[DATA EXTRACT Boundary: Start]

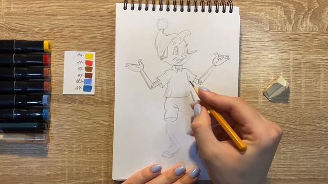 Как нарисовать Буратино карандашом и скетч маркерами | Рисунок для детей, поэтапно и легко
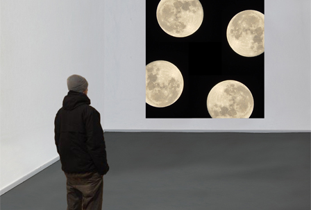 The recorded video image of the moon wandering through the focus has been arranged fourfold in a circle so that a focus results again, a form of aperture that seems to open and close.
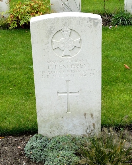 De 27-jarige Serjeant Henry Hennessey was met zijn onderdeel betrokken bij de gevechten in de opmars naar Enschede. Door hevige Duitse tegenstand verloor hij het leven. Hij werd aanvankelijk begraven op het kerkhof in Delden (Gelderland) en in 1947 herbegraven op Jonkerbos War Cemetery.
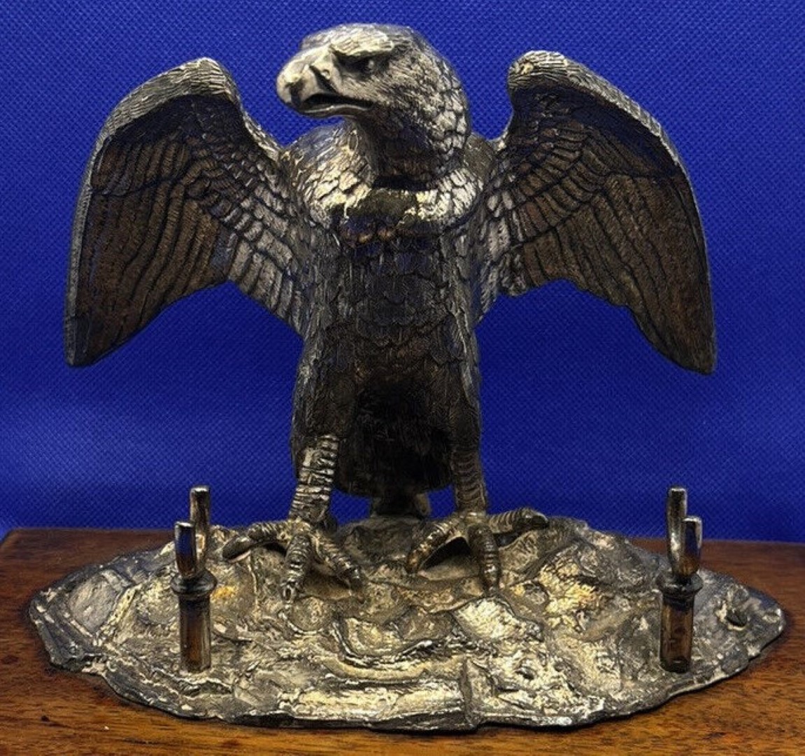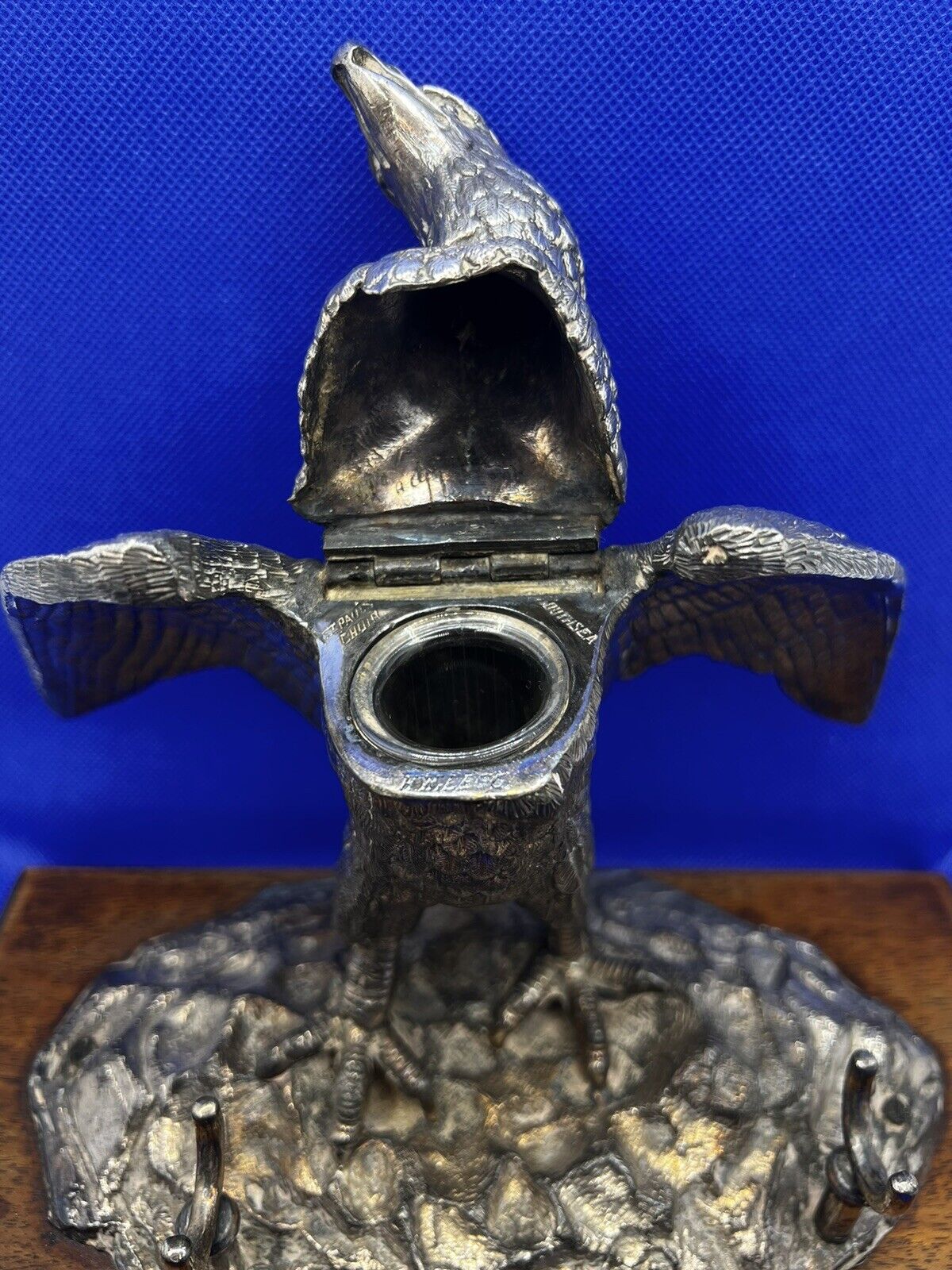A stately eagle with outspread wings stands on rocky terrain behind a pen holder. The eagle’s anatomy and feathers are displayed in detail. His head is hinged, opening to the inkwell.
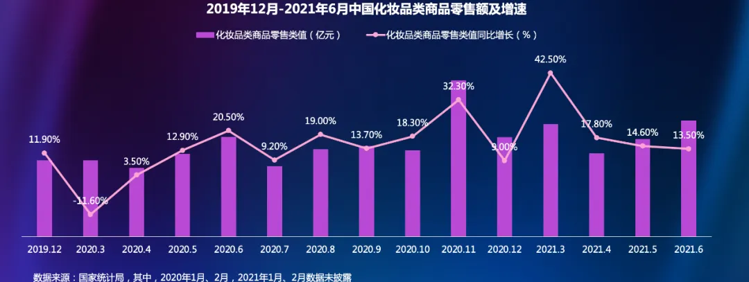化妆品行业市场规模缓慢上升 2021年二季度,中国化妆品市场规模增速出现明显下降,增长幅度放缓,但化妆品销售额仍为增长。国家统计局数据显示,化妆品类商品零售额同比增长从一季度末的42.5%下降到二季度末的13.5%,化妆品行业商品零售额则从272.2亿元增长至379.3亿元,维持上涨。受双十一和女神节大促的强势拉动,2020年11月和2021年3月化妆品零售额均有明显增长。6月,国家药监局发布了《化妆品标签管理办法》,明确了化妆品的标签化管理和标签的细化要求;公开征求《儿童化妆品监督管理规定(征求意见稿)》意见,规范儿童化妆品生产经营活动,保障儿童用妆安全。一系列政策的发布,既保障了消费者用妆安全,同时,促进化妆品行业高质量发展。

[DATA EXTRACT Boundary: End]
[DATA EXTRACT Boundary: Start]

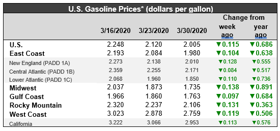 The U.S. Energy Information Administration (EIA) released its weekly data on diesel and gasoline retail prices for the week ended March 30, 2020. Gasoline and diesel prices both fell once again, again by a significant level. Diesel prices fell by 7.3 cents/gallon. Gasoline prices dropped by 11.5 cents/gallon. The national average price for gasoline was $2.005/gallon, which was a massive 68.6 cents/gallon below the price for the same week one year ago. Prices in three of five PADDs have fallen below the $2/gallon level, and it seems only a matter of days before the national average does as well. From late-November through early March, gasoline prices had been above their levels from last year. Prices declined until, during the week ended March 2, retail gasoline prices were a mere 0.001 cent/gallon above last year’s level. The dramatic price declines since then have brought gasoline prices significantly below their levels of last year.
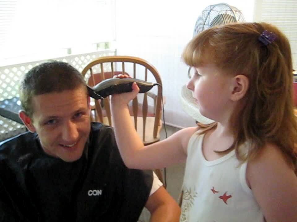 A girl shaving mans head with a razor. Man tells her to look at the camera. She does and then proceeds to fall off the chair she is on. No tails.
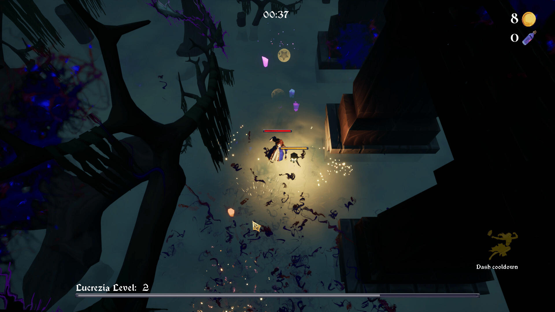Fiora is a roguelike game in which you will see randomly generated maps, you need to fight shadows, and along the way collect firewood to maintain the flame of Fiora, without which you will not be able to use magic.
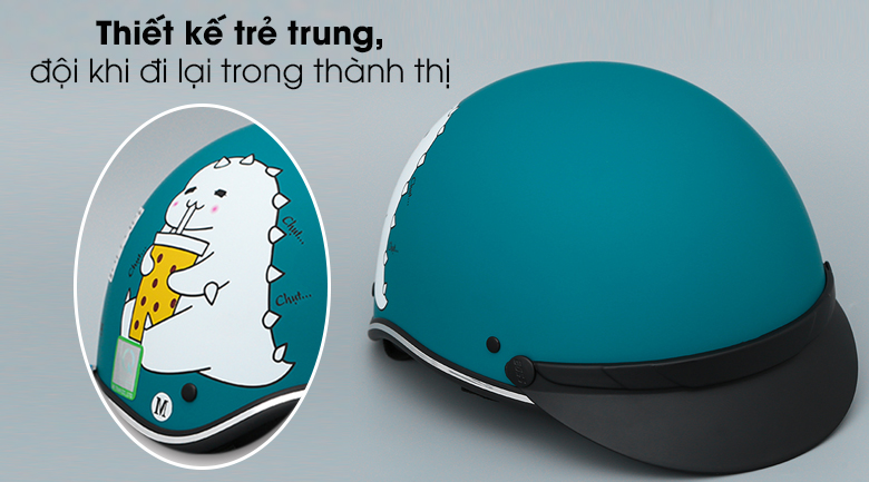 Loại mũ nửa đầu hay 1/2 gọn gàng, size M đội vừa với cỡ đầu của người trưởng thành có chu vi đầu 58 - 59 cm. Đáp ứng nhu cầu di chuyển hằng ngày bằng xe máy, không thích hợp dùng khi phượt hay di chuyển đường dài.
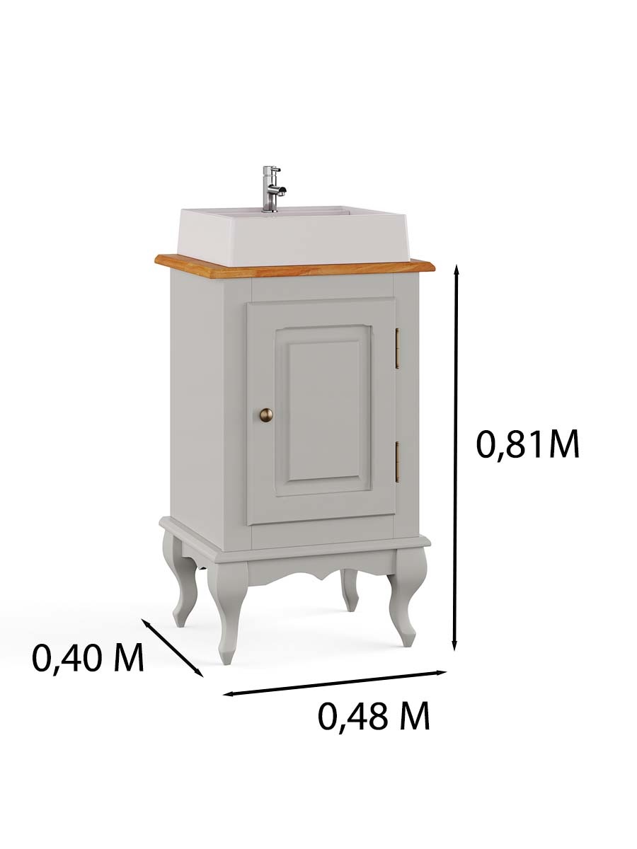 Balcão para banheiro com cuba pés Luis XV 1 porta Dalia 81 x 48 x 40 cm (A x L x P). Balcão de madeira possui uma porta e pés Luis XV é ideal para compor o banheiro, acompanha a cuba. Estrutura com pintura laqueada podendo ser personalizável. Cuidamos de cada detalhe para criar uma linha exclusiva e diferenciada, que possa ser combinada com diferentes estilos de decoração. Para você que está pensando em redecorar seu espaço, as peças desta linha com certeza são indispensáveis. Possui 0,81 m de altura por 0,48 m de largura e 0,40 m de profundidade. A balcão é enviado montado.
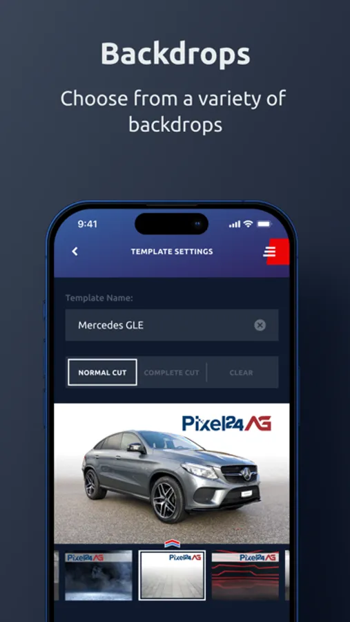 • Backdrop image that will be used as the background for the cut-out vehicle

[DATA EXTRACT Boundary: End]

- _WHAT THE EXERCISE ASKS_:
Work from the entries above. Set down exactly and only the lines from the line with "A stately eagle" to the line with "化妆品行业市场规模缓慢上升 2021年二", both included, and leave the pictures out.

- _REPLY TO THE TASK_:
A stately eagle with outspread wings stands on rocky terrain behind a pen holder. The eagle’s anatomy and feathers are displayed in detail. His head is hinged, opening to the inkwell.
化妆品行业市场规模缓慢上升 2021年二季度,中国化妆品市场规模增速出现明显下降,增长幅度放缓,但化妆品销售额仍为增长。国家统计局数据显示,化妆品类商品零售额同比增长从一季度末的42.5%下降到二季度末的13.5%,化妆品行业商品零售额则从272.2亿元增长至379.3亿元,维持上涨。受双十一和女神节大促的强势拉动,2020年11月和2021年3月化妆品零售额均有明显增长。6月,国家药监局发布了《化妆品标签管理办法》,明确了化妆品的标签化管理和标签的细化要求;公开征求《儿童化妆品监督管理规定(征求意见稿)》意见,规范儿童化妆品生产经营活动,保障儿童用妆安全。一系列政策的发布,既保障了消费者用妆安全,同时,促进化妆品行业高质量发展。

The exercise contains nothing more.